En France, le 16 mars dernier, soit au tout début d’une crise dont les citoyens ne mesurent pas encore l’ampleur, l’IRI - organisme spécialisé dans l’analyse des ventes et des panels de distributeurs - enregistrait une progression de 237% du chiffre d’affaires sur les produits alimentaires, en particulier les non périssables.
La semaine suivante, une accalmie : les Français ont fait des stocks « de guerre », ils se mettent en mode cuisine...
Stocks perdus, fruits, légumes et surgelés
Mais les rayons sont soit dévastés – les classiques, pâtes, farine, œufs… - soit n’arrivent pas à absorber les stocks disponibles sur le marché de gros ! Ainsi, des tonnes de fraises ne seront jamais récoltées faute de bras, des palettes d’asperges seront perdues, faute d’écoulement dans les marchés ou les restaurants fermés… Fin mars, la Confédération paysanne française estime l’excédent de lait à 40 millions de litres. Les ventes de fromages AOP plongent. Et on n’a vendu que 20% des 600 000 agneaux de Pâques prévus…

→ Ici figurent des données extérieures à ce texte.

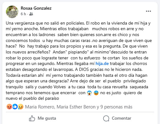 “Una vergüenza que no salió en policiales el robo en la vivienda de mi hija y mi yerno, anoche, mientras ellos trabajaban. Hay muchos robos en Arrecifes y no encuentran a los ladrones, saben bien quiénes son… Hay muchas caras raras, ¿no averiguan de qué viven, que hacen? No hay trabajo para los propios y ¿de qué viven los nuevos arrecifeños? Andan pispeando y al mínimo descuido te entran robar lo poco que lograste tener con tu esfuerzo; te cortan los sueños de progresar en un segundo”, se descargó la mujer. Y agregó:

Pourtant, selon une étude réalisée en avril pour le Nouvel Obs par l’institut YouGov, 43 % des Français affirment acheter davantage de fruits et légumes depuis le début du confinement, 23% se tournent davantage vers les surgelés – une autre étude, de l’institut Nielsen, démontre que les produits surgelés, et notamment les viandes, ont connu des hausses importantes du chiffre d’affaires en février-mars.
Pas la patate, sauf les coopérateurs
En Belgique, les filières agroalimentaires ont connu les mêmes soubresauts, liés parfois à une certaine irrationalité des consommateurs, ou tout simplement à un marché mis sens dessus dessous.

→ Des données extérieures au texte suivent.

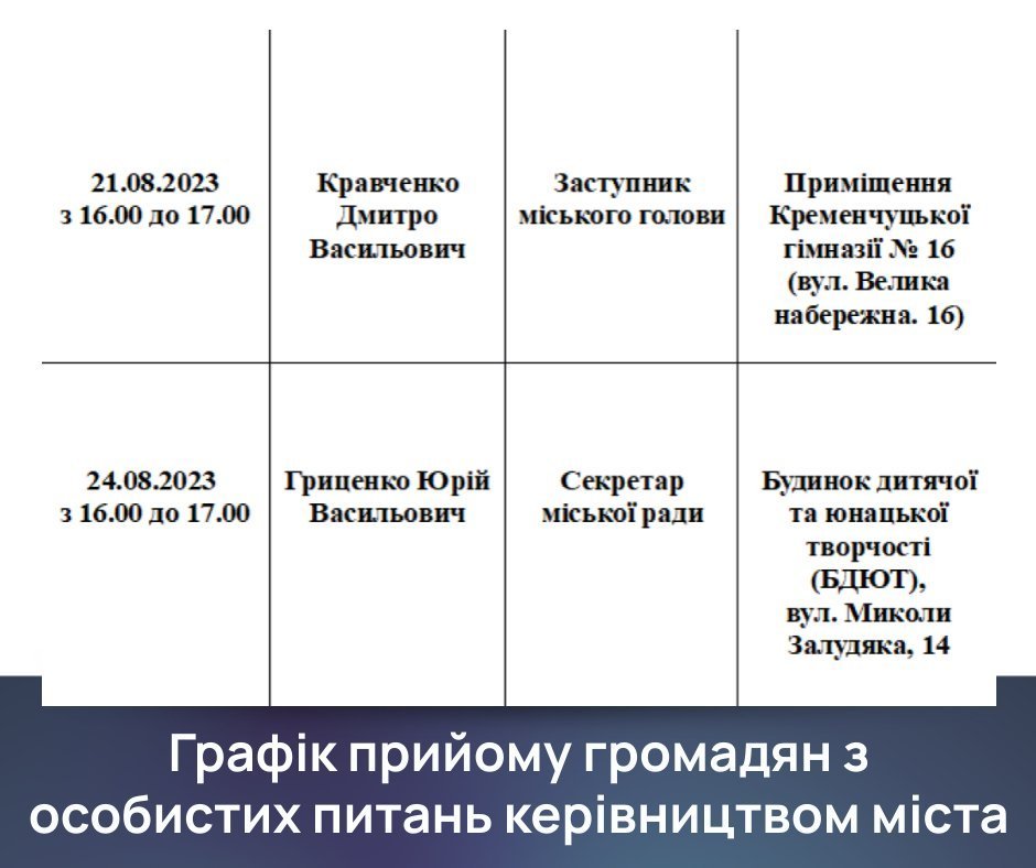 Цього тижня відбудуться прийоми громадян з особистих питань заступником міського голови Дмитром Кравченко та секретарем Кременчуцької міської ради Юрієм Гриценко. Записатись на прийом можна за телефоном: 098-988-31-33

Belpotato, l’organisation interprofessionnelle belge de la pomme de terre s’est rapidement inquiétée de voir déborder les hangars de stockage dans les exploitations de production – l’équivalent de 30 000 camions restant sans livraison, dans un secteur Horeca confiné de facto. Le ministère wallon de l’Agriculture a même demandé à la grande distribution de renforcer pendant et après le confinement la présence des produits locaux dans les linéaires des grandes et moyennes surfaces.

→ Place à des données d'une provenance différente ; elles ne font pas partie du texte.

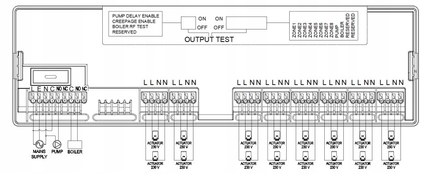 Зони 1-8: до кожної зони можна підключити 2 приводи, що дає загалом максимум 16 приводів (схеми ) на смугу: кімнатний термостат підпорядкованого блоку або підпорядкований пристрій приводу

Cependant, la crise semble avoir favorisé le recours aux circuits courts. En mars, les Wallons ont fait un retour assez marqué vers les commerces alimentaires de proximité, les filières bio s’avérant plus prisées que de coutume, de même que les commandes en lignes auprès de coopératives s’étant organisées très tôt. Par exemple, le mouvement citoyen HesbiCoop qui regroupe des consommateurs, producteurs et transformateurs artisanaux, a vu ses 10 points de vente locaux gérer plus de 200 commandes par semaine, là où la moyenne était à 80 avant le confinement. Et Point Ferme, qui rassemble une quarantaine d’agriculteurs dans la région liégeoise, témoigne d’une croissance inédite de ses commandes, de l’ordre de 30% depuis le mois de mars.